You may find the keys for vim to be tricky to learn, but, once mastered, they allow you to edit documents and configuration files with the minimum number of keystrokes, and with great speed.
Initially, vim will start in "visual mode". Once open the screen will be blank and probably have tildes running down the left hand side of the page indicating un-used lines.
In this mode you can use the "h", "j", "k", and "l" keys to perform your movement functions.
vim also allows you to use the cursor keys, so if you find the so-called VI movement keys daunting you can make use of these instead.
To switch to "insert mode", press the "i" key, notice that the letter "i" does not print on the screen - but now if you start typing your text will be shown on the screen.
This will tell vim that you want to start inserting text at the current cursor position in the file that you are editing. You can tell when you are in insert mode as vim will display the word "INSERT" in the bottom left of the screen.
By pressing "i" you will enter insert mode, text will be inserted to the right of the current position of the cursor. To insert from the beginning of the line and get into insert mode at the same time, press "I" (shift + "i").
To insert text in the line above the cursor, press "O" (shift + "o"). To insert in the line below the cursor, press "o" . To append text just after the current position of the cursor press "a", to append text at the end of the currentl line, press "A" (shift + "a").
The figure below demonstrates how this affects the place where you will insert text. The first one indicates the position of the cursor, before entering into insert mode in these examples.
Figure 4.6. Different ways of getting into Insert Mode, and how that effects the place where text is inserted.
When you want to return to visual mode, press the "escape key" (Esc) on the keyboard. The word INSERT will disappear from the bottom of your screen.
You can delete characters while in visual mode by hitting the "x" key; this will delete the character currently above the cursor. (A capital "X" will work as a backspace key does deleting one character and moving backwards to the next character.)
The shortcut to delete a line is "dd"; hit the "d" twice in quick succession. (You can use "p" to paste the line afterwards). To delete two lines you would use the command "2dd".
If you wish to join the line below your current line to the end of the current line use "J" (that's a capital).
To insert a line below the one you are currently editing, you can press "o"; this will also place you in insert mode on the newly created line. (Capital "O" will open a line above your current line and also put you into INSERT mode.)

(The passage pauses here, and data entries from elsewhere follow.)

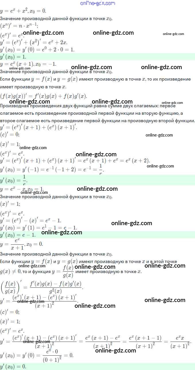 Готовые домашние задания по Алгебре за 11 класс Задачник Мордкович, Семёнов Базовый и углубленный уровень 2017 - §19. Дифференцирование показательной и логарифмической функций 19.5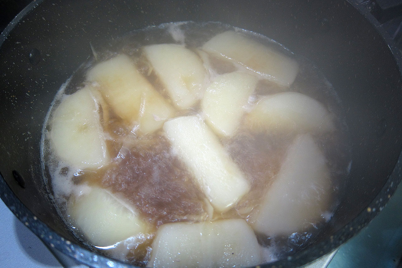 日本酒を入れて、中火。沸騰したら弱火で、昆布もエグみが出るので取って、灰汁を取りながらぐつぐつ煮込みます。15分位ですかねーグツグツ状態を続けた大根に菜箸を刺すとスッと刺せる柔らかさになっていたら、おk。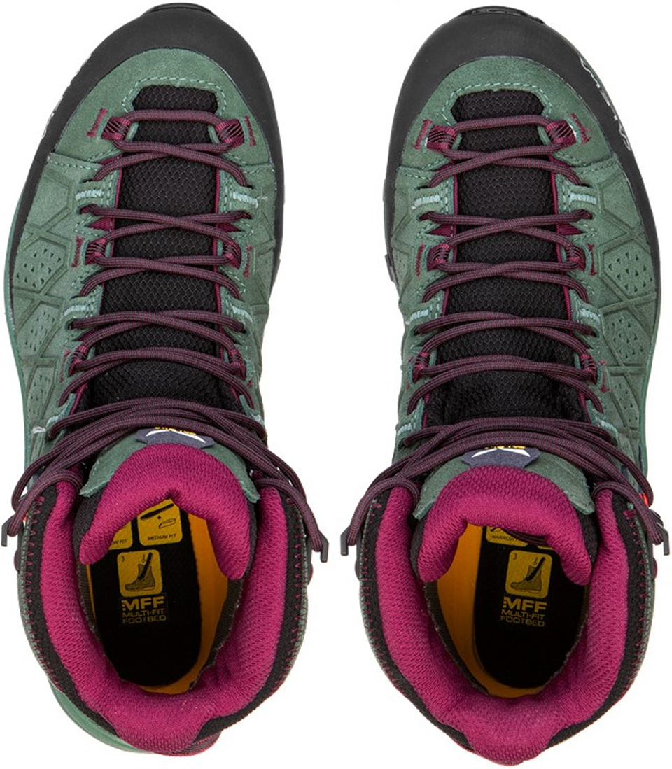 Zuverlässiger Schutz Der Alp Trainer 2 ist ein moderner Wanderschuh mit halbhohem Schaft, der dich bei weiten Wanderungen auf rauem Gelände zuverlässig schützt. Er hat ein robustes, hochwertiges Veloursleder-Obermaterial mit strapazierfähigen Stretcheinsätzen an der Zunge und ein wasserdichtes, atmungsaktives GORE-TEX® Extended Comfort Futter. Der großzügige Gummirand bietet zusätzlichen Schutz vor Felskanten und Geröll. Tragekomfort und Halt Der Schuh wurde speziell für Damen entwickelt, um die besondere Form des weiblichen Fußes zu berücksichtigen. Er hat eine präzise Passform, gibt deinem Fuß Halt und ist gleich beim ersten Anziehen bequem. Unser patentiertes 3F System sorgt für festen Halt am Knöchel und seitliche Stabilität auf rauem Terrain, während der weiche Flex Collar dem Knöchel mehr Bewegungsfreiraum gibt und bergab den Tragekomfort erhöht. Mit dem anpassbaren SALEWA® Multi Fit Footbed Plus (MFF+) kannst du zwischen verschiedenen Einlagen wählen und so das Schuhvolumen auf dich abstimmen. Das Kletterschuh-Schnürsystem ermöglicht außerdem ein individuelles Festziehen bis zu den Zehen. Griffigkeit und Kontrolle Die optimierte Vibram® Alpine Hiking Außensohle, die nur von SALEWA® angeboten wird, verbessert die Leistung und Kontrolle auf ganz unterschiedlichem Gebirgsterrain. Durch ihre speziellen Kletter-, Haftungs- und Bremszonen überzeugt sie zudem auch unter nassen und schlammigen Bedingungen. Der Alp Trainer 2 ist ein leichter, bequemer und zuverlässiger Schuh – eine exzellente Wahl für alpine Wanderungen jeder Art.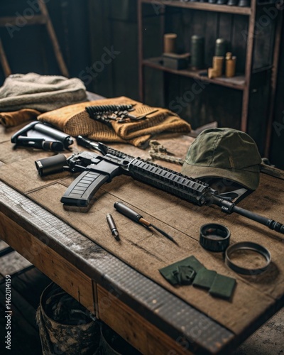 Disassembling rifles and tools on a wooden table gritty military workshop detailed equipment layout industrial environment close-up perspective military vibe for gun maintenance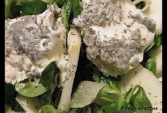 Une salade de mâche assaisonnée d'une huile de noisette, de gingembre et d'un vinaigre de muscat.Des tagliatelles de poire conférence.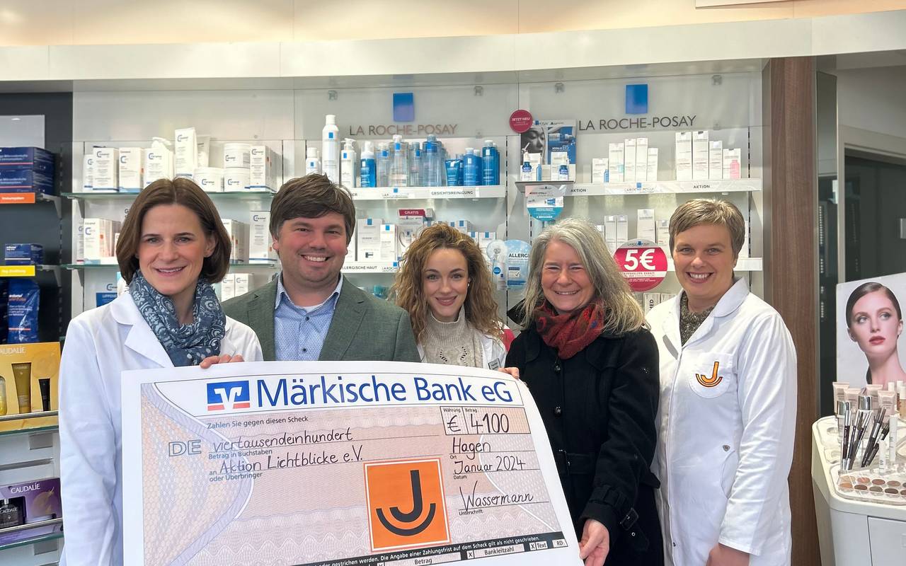 Das ist doch mal ein schöner Jahresstart für unsere Aktion Lichtblicke. Fast Tradition ist der Scheck der J-Apotheken um Friedrich Wassermann. 4.100€ für den guten Zweck. Gesammelt wurde erneut in der Adventszeit. Anstatt ihre Taler gegen Prämien einzulösen, hatten Kundinnen und Kunden die Möglichkeit, sie zu spenden.
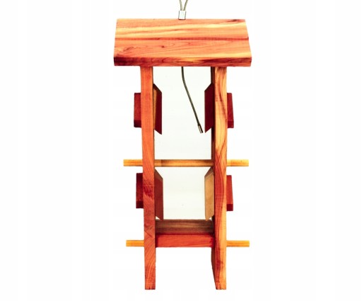 Karmidło jest zbudowane z wysokiej jakości drewna cedrowego, które jest odporne na warunki atmosferyczne, dodatkowo zawiera szybki ze szkła akrylowego, dzięki czemu można kontrolować ilość pokarmu w karmniku.

To tell vim that you wish to save and exit, press "ZZ" (two capital "Z"'s in quick succession).
You can enter ex mode, which allows you to work as if you were in the "ex" editor, by hitting the ":" key when in visual mode. A colon will be printed at the base of the screen waiting for an ex command. To get back to your text press the escape key (Esc).
While in "ex" mode try some of the following suggestions:
To access vim's built in help system, type "help" at the ex prompt (:) and ENTER.
You can perform a search an replace in ex mode by using the following Syntax: %s/search/replace/g
Try the example above in the sample text window, search globally for the occurrence(s) of "now" and change that to "not".
You can also save ":w" and quit ":q" or save & quit in one command using ":wq" from vim while in ex mode. If you do this point remember to re-enter vim afterwards.
To recap there are three modes of operation:
Command mode
Allows positioning and editing commands to perform functions. Entered via (Esc), from entry mode, or when you return from Last-line mode
Entry mode
Allows you to enter text. Enter this mode via typing; A i I o O c C s S or R from command mode.
Last-line mode
Initiated from command mode by entering advanced editing commands like : (a colon), / (a forward slash), ? (a question mark) and ! (a bang or exclamation mark).
Syntax: vi <filename> |
Linux filesystems are case sensitive, and support the full range of high and low ASCII characters; this makes it very powerful.
However, humans can only easily deal with a small number of this range of characters. For this reason, it's a good idea to keep the names of your files all lowercase, and to avoid spaces, brackets or any other "special" characters.
Important files, like "README" may be named with all capitals, so that they stand out better in a listing.
The "/" character is special in that it is used to denote a directory structure.
Unlike DOS or Windows, Linux has no strict concept of having file "extensions" and thus does not use them to determine what sorts of file it is. There is no "ls.exe", instead it's just "ls".
However, there is nothing to stop you creating a "readme.txt" file with a .txt extension; Linux just treats the period (".") as part of the filename instead of a special character. Indeed, you can have multiple periods; for example "backup.tar.gz".
So, let us go over the rules in a summary:
Linux is case sensitive.
We would advise that you use the lower-case alpha characters (a to z) and the numeric characters 0 to 9 when you name a file.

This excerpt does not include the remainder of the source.